##### INFORMATION #####

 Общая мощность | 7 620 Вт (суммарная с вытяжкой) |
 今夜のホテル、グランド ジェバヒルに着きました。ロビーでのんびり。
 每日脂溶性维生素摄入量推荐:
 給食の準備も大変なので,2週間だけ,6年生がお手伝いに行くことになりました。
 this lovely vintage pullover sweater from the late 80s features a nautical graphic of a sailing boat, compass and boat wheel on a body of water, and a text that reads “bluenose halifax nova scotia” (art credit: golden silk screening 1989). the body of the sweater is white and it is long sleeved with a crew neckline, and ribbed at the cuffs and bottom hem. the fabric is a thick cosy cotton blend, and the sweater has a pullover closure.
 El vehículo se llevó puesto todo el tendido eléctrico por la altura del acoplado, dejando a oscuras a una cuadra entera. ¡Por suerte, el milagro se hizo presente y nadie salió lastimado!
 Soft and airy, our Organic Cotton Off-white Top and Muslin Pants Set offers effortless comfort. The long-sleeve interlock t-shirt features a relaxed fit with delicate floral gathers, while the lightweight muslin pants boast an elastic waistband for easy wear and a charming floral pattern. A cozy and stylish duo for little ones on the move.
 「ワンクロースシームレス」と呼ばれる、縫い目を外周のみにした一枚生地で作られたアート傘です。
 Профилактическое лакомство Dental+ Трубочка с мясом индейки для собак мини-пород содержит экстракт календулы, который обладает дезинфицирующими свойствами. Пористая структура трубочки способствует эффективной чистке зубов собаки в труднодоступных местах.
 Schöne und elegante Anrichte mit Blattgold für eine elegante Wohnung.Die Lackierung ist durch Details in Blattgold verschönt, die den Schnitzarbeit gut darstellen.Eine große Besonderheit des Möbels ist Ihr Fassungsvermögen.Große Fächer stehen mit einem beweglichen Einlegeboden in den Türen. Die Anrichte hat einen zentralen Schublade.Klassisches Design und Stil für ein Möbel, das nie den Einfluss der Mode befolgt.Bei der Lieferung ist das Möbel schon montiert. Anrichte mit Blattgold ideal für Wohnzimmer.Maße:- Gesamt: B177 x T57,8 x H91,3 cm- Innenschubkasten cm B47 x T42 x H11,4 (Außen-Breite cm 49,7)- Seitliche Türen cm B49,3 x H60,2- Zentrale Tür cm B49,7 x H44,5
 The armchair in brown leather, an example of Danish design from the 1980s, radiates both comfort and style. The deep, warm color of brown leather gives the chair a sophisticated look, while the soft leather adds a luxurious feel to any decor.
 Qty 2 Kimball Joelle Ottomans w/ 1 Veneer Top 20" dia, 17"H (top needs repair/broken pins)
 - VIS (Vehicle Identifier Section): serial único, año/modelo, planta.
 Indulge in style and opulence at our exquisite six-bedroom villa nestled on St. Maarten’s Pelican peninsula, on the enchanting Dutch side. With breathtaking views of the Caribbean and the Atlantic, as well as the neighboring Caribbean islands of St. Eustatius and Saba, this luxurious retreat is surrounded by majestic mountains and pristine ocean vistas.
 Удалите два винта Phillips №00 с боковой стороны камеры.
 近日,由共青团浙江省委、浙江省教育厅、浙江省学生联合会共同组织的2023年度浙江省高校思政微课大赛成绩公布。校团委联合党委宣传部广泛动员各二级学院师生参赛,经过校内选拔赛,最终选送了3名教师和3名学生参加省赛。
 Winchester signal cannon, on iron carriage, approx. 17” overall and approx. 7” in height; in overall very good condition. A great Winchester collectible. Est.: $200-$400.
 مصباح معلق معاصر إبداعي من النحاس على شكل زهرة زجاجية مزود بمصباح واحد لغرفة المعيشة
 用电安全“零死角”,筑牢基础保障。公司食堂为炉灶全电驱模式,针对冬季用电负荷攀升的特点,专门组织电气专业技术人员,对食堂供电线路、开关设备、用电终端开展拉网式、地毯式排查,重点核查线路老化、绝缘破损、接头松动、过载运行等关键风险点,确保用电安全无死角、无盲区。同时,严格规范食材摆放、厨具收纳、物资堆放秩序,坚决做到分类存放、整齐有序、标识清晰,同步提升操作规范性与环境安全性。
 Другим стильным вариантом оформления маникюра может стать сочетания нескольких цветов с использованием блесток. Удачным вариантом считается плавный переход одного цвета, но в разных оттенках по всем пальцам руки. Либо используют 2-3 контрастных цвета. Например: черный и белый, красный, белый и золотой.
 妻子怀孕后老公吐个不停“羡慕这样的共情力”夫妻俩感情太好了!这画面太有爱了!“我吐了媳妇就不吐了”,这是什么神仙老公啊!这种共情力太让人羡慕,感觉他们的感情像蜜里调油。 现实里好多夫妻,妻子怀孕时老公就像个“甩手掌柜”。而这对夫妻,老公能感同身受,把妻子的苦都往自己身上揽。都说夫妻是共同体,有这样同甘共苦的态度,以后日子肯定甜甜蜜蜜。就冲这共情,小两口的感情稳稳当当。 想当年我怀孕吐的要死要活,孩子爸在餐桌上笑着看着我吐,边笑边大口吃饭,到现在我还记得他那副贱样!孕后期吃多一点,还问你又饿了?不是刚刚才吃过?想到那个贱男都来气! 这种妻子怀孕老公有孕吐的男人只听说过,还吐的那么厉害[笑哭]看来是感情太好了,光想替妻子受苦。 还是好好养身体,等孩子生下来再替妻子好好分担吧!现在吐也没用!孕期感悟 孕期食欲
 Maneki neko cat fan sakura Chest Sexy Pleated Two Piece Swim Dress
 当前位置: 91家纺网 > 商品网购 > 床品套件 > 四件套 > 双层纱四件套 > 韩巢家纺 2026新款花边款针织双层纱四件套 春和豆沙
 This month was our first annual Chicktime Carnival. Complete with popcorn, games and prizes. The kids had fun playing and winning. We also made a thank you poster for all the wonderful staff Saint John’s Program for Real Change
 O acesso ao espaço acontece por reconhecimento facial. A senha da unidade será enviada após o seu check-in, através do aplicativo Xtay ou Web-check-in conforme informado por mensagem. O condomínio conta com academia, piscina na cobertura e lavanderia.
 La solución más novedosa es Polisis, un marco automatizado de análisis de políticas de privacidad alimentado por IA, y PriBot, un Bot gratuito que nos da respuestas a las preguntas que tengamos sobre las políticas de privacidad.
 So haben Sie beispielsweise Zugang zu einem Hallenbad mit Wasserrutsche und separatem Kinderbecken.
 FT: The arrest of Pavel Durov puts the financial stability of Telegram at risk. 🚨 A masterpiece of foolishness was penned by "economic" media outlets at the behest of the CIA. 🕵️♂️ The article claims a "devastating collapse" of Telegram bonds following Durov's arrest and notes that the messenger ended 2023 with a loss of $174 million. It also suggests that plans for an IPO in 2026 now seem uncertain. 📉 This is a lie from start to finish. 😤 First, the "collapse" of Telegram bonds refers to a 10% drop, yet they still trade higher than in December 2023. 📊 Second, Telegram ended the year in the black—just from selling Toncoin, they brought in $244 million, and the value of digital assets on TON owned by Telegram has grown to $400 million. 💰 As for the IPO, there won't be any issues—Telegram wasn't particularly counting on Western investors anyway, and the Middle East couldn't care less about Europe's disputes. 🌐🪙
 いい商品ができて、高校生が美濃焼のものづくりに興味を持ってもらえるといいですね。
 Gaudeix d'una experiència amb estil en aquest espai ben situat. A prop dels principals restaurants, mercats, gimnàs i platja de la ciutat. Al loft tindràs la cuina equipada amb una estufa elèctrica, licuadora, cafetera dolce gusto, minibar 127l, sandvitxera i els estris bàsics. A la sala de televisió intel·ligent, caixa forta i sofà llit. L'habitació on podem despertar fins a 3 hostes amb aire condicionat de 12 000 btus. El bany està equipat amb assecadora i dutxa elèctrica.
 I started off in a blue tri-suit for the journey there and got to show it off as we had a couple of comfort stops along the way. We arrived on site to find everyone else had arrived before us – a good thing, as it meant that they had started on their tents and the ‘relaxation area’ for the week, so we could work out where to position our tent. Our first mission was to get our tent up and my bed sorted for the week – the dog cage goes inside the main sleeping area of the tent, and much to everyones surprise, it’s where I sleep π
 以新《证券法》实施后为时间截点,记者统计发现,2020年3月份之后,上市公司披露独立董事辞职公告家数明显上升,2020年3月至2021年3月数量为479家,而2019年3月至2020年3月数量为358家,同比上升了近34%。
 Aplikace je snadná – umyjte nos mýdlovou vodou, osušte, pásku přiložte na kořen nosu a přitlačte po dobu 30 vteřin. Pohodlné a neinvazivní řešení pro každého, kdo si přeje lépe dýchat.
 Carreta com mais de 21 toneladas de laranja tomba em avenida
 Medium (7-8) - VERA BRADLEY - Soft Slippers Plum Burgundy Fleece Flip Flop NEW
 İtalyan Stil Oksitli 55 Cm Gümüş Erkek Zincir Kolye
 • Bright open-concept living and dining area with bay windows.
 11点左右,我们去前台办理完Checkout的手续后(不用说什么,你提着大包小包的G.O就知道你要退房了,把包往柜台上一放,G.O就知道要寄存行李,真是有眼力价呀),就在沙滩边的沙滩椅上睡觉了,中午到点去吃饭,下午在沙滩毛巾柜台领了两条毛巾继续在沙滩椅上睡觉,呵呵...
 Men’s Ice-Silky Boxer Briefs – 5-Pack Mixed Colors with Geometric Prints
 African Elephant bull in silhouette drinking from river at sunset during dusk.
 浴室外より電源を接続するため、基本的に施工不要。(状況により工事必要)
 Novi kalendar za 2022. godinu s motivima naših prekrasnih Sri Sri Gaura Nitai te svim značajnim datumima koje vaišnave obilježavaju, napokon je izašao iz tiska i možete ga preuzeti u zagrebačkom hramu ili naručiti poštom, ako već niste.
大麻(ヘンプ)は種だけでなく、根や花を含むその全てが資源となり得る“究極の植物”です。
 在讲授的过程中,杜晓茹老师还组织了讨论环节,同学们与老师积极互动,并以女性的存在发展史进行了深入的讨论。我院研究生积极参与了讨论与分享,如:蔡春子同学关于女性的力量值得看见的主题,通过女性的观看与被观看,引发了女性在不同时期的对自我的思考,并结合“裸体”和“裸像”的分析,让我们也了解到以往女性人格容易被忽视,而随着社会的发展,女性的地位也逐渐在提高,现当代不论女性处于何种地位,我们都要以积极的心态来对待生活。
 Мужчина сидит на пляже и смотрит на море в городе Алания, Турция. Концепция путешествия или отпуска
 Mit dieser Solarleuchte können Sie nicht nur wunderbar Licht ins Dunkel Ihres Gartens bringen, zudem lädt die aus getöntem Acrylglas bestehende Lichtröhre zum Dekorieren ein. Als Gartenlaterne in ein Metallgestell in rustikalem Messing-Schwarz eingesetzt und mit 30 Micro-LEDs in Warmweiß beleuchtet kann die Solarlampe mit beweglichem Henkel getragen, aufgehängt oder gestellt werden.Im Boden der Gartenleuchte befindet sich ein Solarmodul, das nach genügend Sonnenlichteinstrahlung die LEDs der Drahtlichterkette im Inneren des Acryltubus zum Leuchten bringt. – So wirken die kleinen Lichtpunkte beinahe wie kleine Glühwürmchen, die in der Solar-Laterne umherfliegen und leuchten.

#####

WHAT TO PRODUCE
Take the entries above and return only the lines from the one with "- VIS (Vehicle" to the one with "Indulge in style", both included, unchanged.

ANSWER TO THE EXERCISE
 - VIS (Vehicle Identifier Section): serial único, año/modelo, planta.
 Indulge in style and opulence at our exquisite six-bedroom villa nestled on St. Maarten’s Pelican peninsula, on the enchanting Dutch side. With breathtaking views of the Caribbean and the Atlantic, as well as the neighboring Caribbean islands of St. Eustatius and Saba, this luxurious retreat is surrounded by majestic mountains and pristine ocean vistas.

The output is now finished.